Having lived on almost every type of Base the CF has, over the years, I have found that Canadians as a whole have no sense or understanding of Secuity.  The attitudes of Canadians towards Security matters has not improved over the years.  I could not believe my ears back in the 1980's when DND announced that many Canadian Forces Bases would go to an "OPEN BASE POLICY".  Unfriggingbelievable!

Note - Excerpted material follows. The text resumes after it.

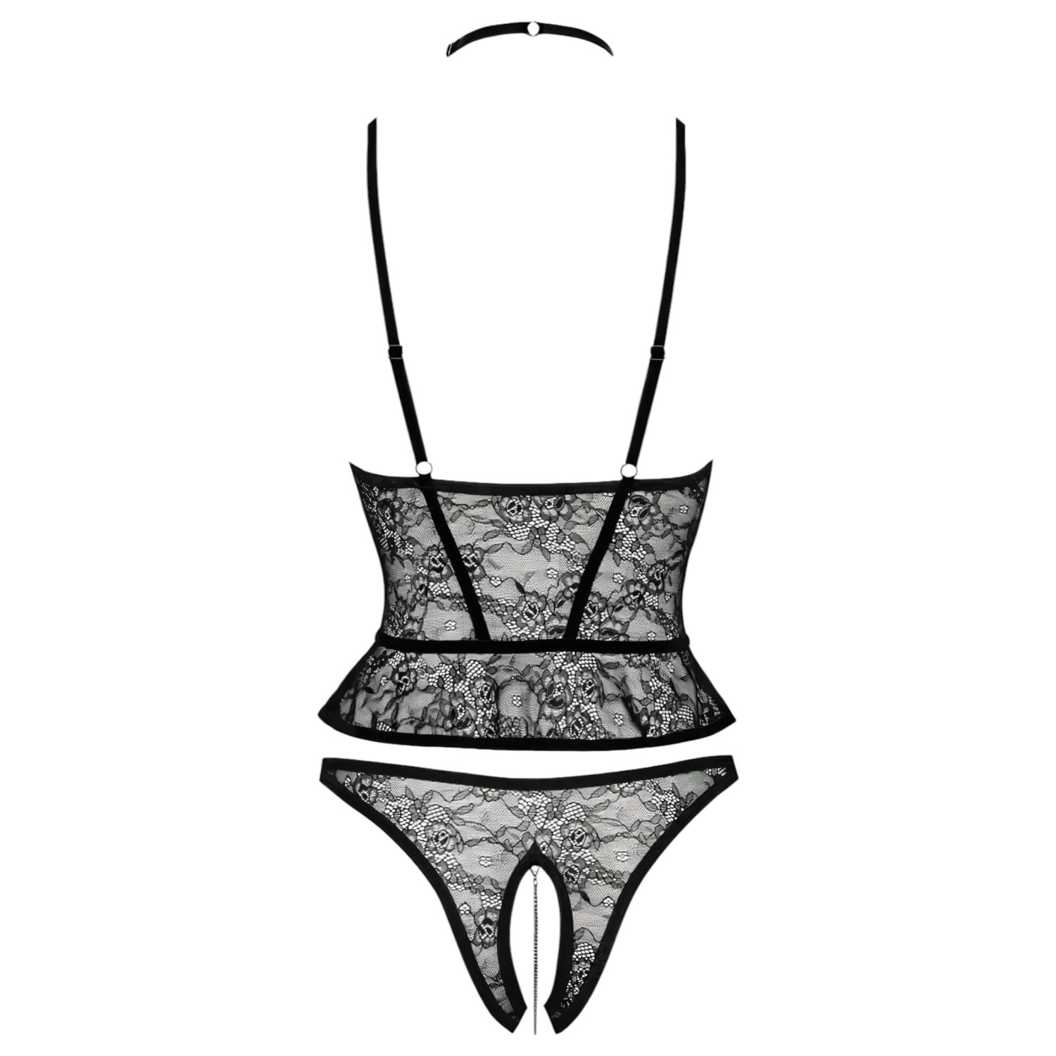 Dette unike settet kombinerer romantisk blonde-eleganse med dristige, erotiske detaljer. Det åpnende korsettet og den frekke, kjetting-pyntede trusen er et uforglemmelig valg for enhver anledning.

This case is just another chapter in the story.  We have already had the "Classified Docs" on a laptop in the backseat of a car outside of a Leafs Game story.   :


----------



## Yrys (20 Mar 2008)

Probe looks into military blueprints found in trash , CTV.ca News Staff



> Public Safety Minister Stockwell Day says he's launched a probe to find out how blueprints for a new military counterterrorism unit ended up in a downtown
> Ottawa garbage can -- in an area with no defence department buildings in close proximity.
> 
> The Ottawa Citizen reported on Thursday that a local couple found seven rolls of 26 blueprints -- stamped with Department of Defence markings and dated March 5,
> ...



Link

Even them being rejected, there must be some deductions one can make about the real ones...


----------



## daftandbarmy (20 Mar 2008)

George Wallace said:
			
		

> I could not believe my ears back in the 1980's when DND announced that many Canadian Forces Bases would go to an "OPEN BASE POLICY".  Unfriggingbelievable!



That would be the 'reduce the costs required to run a base by making it an open base' policy. Oh, and by the way, make it more vulnerable to attack. Madness. 

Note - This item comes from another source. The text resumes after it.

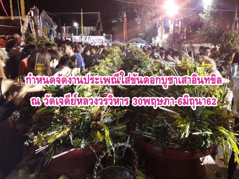 เสาอินทขิล ประจำปี 2562 ณ วัดเจดีย์หลวงวรวิหาร ระหว่างวันที่ 30 พฤษภาคม – 6 มิถุนายนนี้ และขอความร่วมมือประชาชนแต่งกายด้วยชุดขาวปฏิบัติธรรม ชุดพื้นเมือง หรือชุดสุภาพ

We have seen the enemy and he is us.


----------



## sgf (21 Mar 2008)

Wonderbread said:
			
		

> What are the odds, eh? An employee of the Rideau Institute just happens to be rooting through a Bank St garbage can that just happens to contain classified documents that would embarrass the military... I hate the come off as the kind of guy who wears a tinfoil hat, but I feel like there's something really shifty about this.
> 
> Or maybe its just aluminum pot syndrome...



Why would anyone try to divert this to the person that found the documents, instead of wondering why the company that tossed them out, did that? Lets hope this company doesnt get any more business from DND.


----------



## geo (21 Mar 2008)

From what I have read it would appear that when they were in the design / construction phase, DND or Supply and services sent out the plans to a number of engineering firms under a request for proposal.  The engineering firm that has it's offices where the plans were found were invited to tender.  Not sure if their tender was rejected or if they even bothered to submit.  1 or 2 years later, they tossed the old blueprints.  Why?  Probably cause no one told em to dispose securely.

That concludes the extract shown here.